The typical passenger timetable gave nine return trips daily, eleven on Saturdays, with most trains proceeding to Dundee.

The original Meigle station was located at the convergence of the Newtyle and Glammiss line with the main line, but the Newtyle spur line was lifted and the station was closed; a new Meigle Junction station was opened, sited at Alyth Junction.

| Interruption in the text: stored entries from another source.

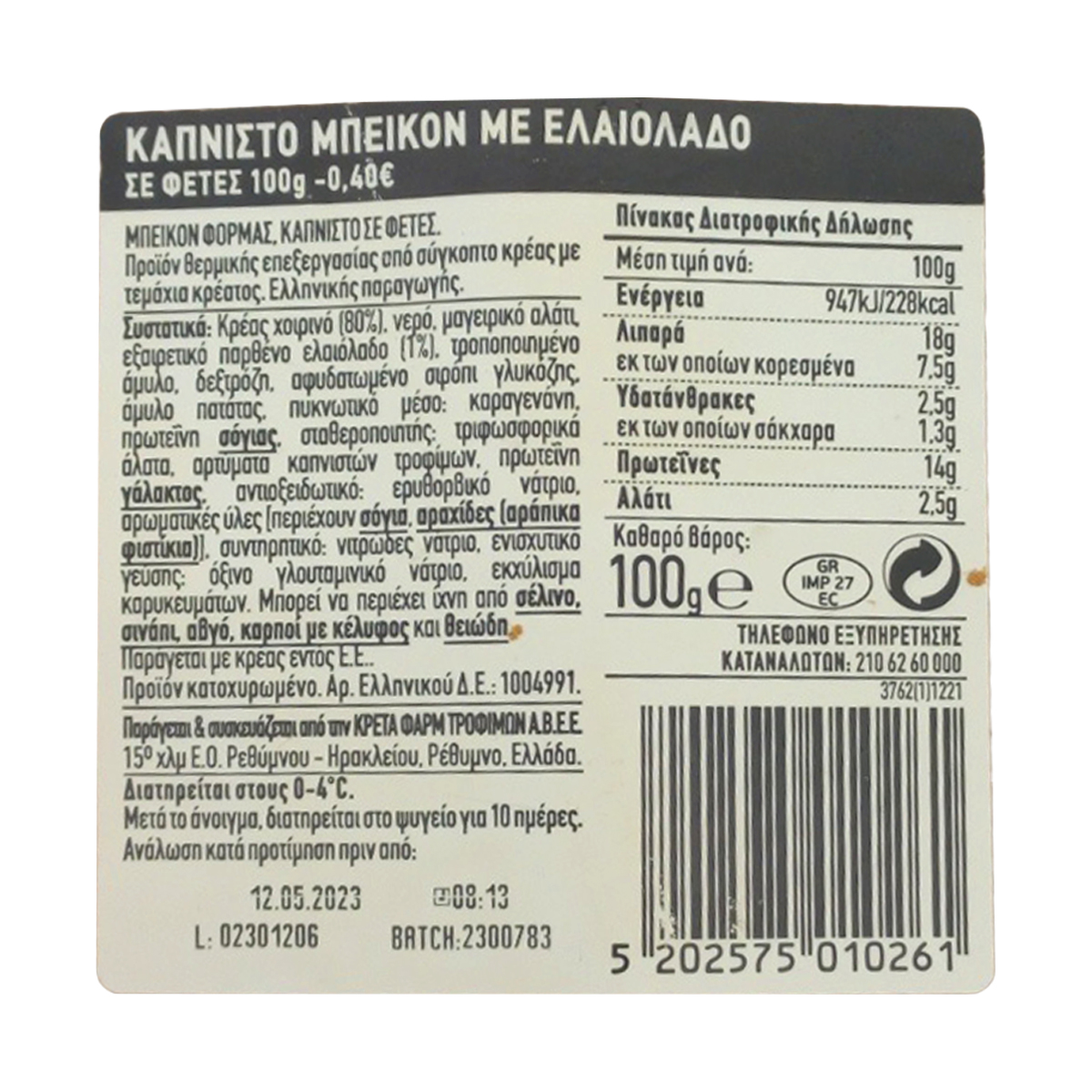 Από εκλεκτό χοιρινό κρέας και ελαιόλαδο. Διπλά απολαυστικό και τρυφερό, λόγω του ελαιόλαδου. Μοναδική και πλούσια καπνιστή γεύση. Ιδανικό για την ομελέτα, την πίτσα ή την μακαρονάδα σας. Χωρίς γλουτένη.
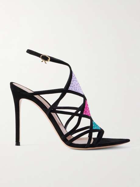 Gianvito Rossi's sandals are inspired by the beauty of stained glass windows. They're made from suede and have colorful mesh inserts adorned with shimmering crystals.
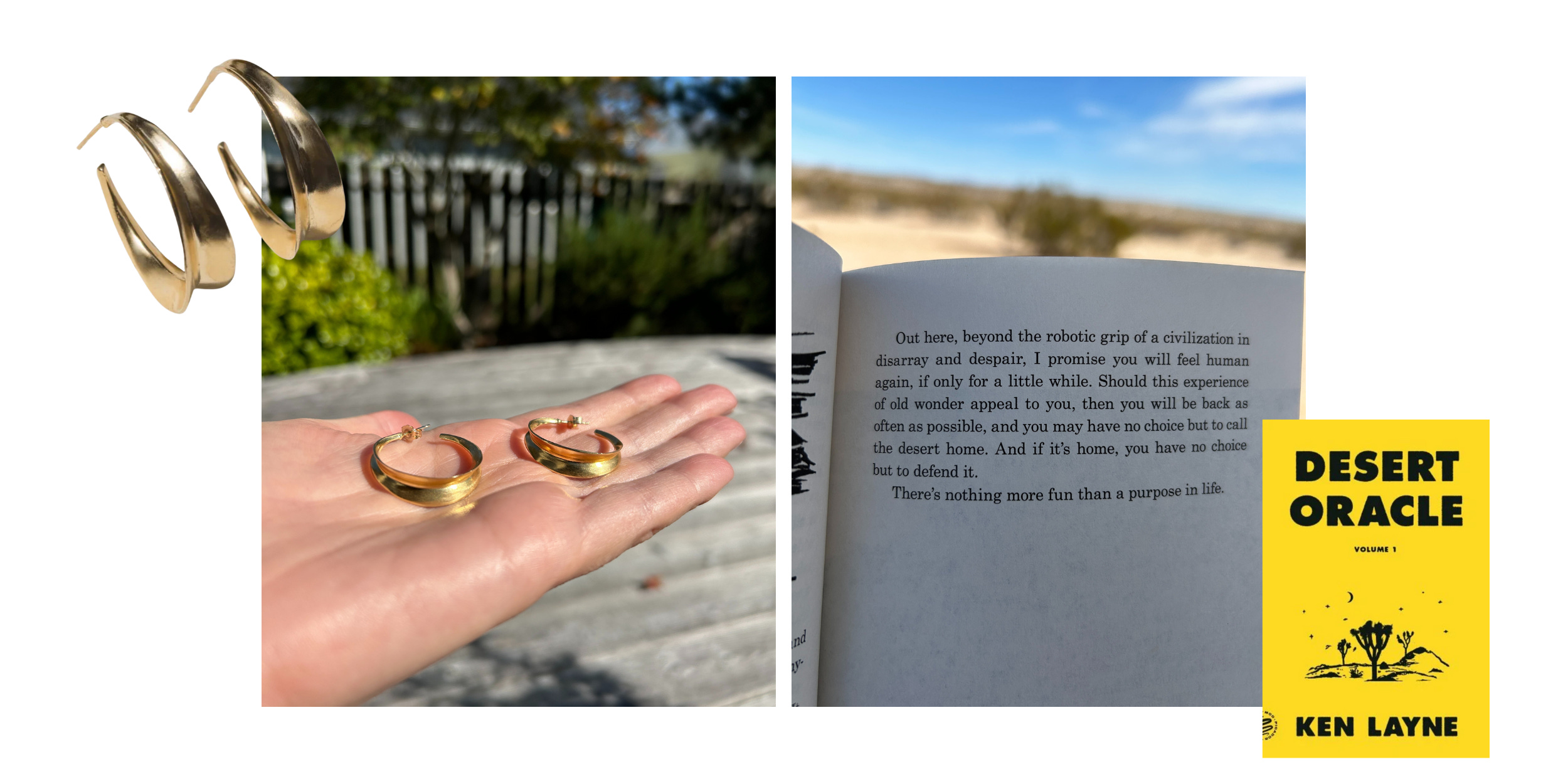 Gold hoop earrings from Short Wave in Astoria. They were a bit of an impulse buy, but I’ve been wearing them every day and I love them.

The Dundee and Newtyle line had been laid with stone block sleeper track to a unique gauge of 4 ft 6.5in (1,384 mm) and had three rope-worked inclines. The Caledonian Railway took over the line and modernised it, eliminating the inclines; this work was completed on 31 August 1868. By now the Caledonian had taken over the SNER as well, and commenced running through passenger trains from Dundee to Alyth, which "became a busy country terminus over the next few years".

===Passenger stations===

- Alyth;
- Porterochnie; opened June 1912; soon renamed Pitcrocknie; mainly for golfers: there is a golf course adjacent; closed 1 January 1917; reopened September 1919 as Pitcrocknie Platform; in 1938 shown as Pitcrocknie Halt, and then Pitcrocknie Siding from 28 October 1940; in 1922 and 1938 Bradshaw has most trains on the branch marked "Stops when required to set down Golfers or take up when there are passengers on the platform." The stop was removed from the public timetable following nationalisation in 1948 but it was not officially closed and still picked up passengers until the line closed;
- Jordanstone;
- Fullarton; renamed Meigle 1 November 1876;
- Meigle (sometimes known as Meigle Junction); junction on SNER main line; renamed Alyth Junction on 1 November 1876.